Killed, February 18th 1944

Percy Godfrey Openshaw was born on 16 May 1912 in Lewisham, then in Kent, to Percy Austin Openshaw, a schoolmaster who later became a headmaster and priest, and Hilda (née Jarratt). In 1935 he became a lieutenant in the Royal Navy, and the next year married Ena Bayliss, who bore him two daughters, Angela and Jennifer. Shortly after his wedding he took part in the evacuation of refugees from the Spanish Civil War.

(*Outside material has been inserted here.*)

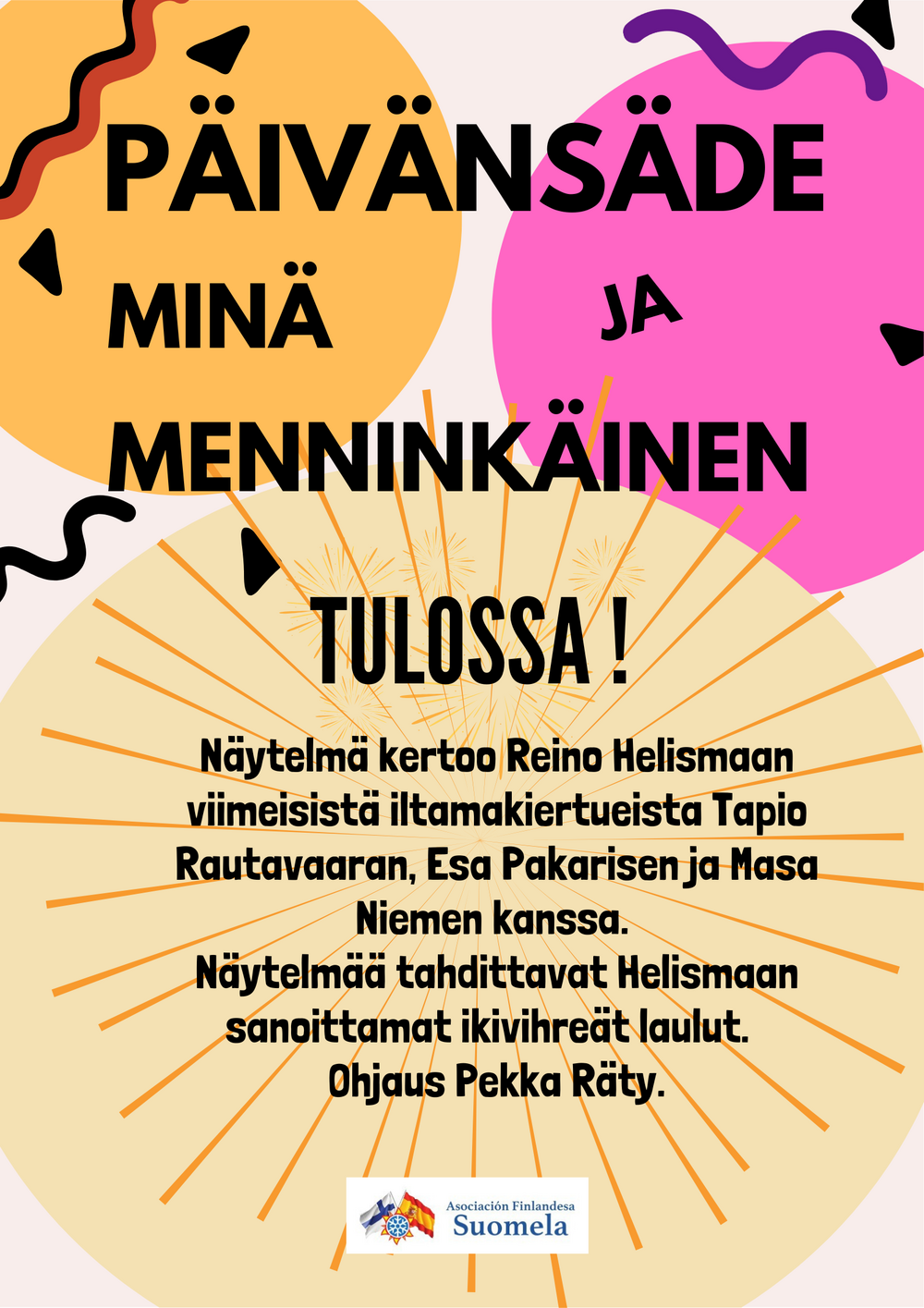 Rakenteilla on korkeatasoinen, ammattijohtoinen teatteriryhmä, joka toimii Suomelan taideharrastusten rinnalla. Haluamme rakentaa Aurinkorannikon taideharrastuskenttää vetovoimaiseksi aina koulutustoimintaan saakka yhteistyössä Suomessa toimivien järjestöjen kanssa.

During the Second World War he was aboard the battleship HMS Resolution when she participated in the unsuccessful attempt to capture the Vichy French port of Dakar in French West Africa. The ship was torpedoed by the enemy French during the mission and was sent to the US for repair. Openshaw was reassigned to HMS Pegasus, a seaplane carrier escorting convoys. He was then assigned to HMS Penelope, a light cruiser serving in the Mediterranean, nicknamed HMS Pepperpot by her crew because of the number of holes left in her by enemy action.

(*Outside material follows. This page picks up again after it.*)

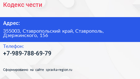 Кодекс чести по адресу 355003, Ставропольский край, Ставрополь, Дзержинского, 156 в дальнейшем Организация, размещена в следующих категориях:
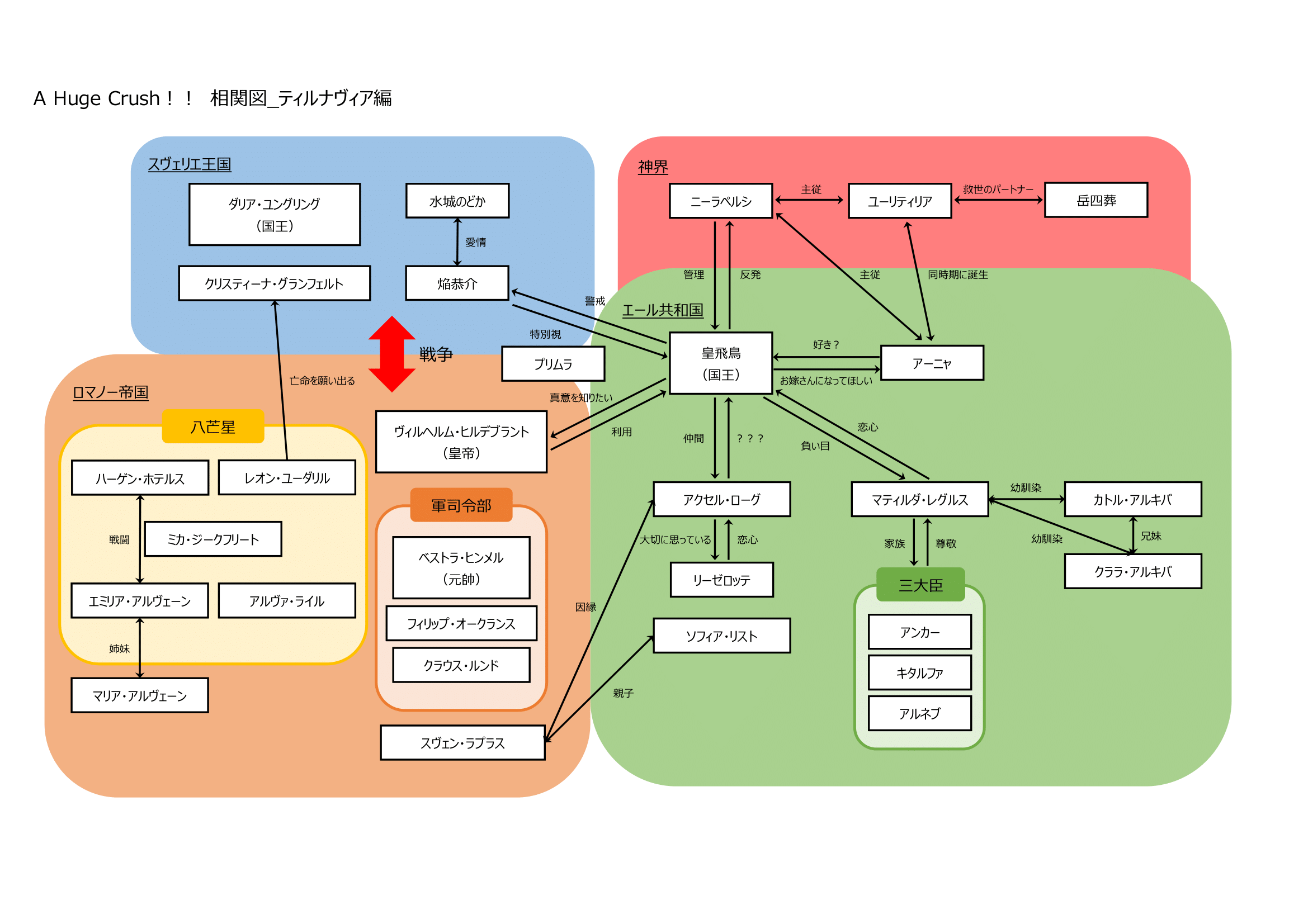 今更ですが近況ノートに画像投稿もできるようになったので、自分用のメモ+興味がある方向けに最新話(第百二十二話)時点での相関図を作ってみました。

On 18 February 1944 the Penelope was torpedoed and sunk by a German submarine off the coast of Anzio in Italy, where the Allied forces had the previous month established a bridgehead. Only one third of the crew survived, and Openshaw was not among them. He is commemorated at the Portsmouth Naval Memorial. In a poignant postscript, his grandson, Commodore James Godfrey Higham, was the commander of the Portsmouth base at the time of Be Grateful’s publication. Shortly after beginning his duties, he found the battle-worn ensign of the doomed HMS Penelope in a storeroom.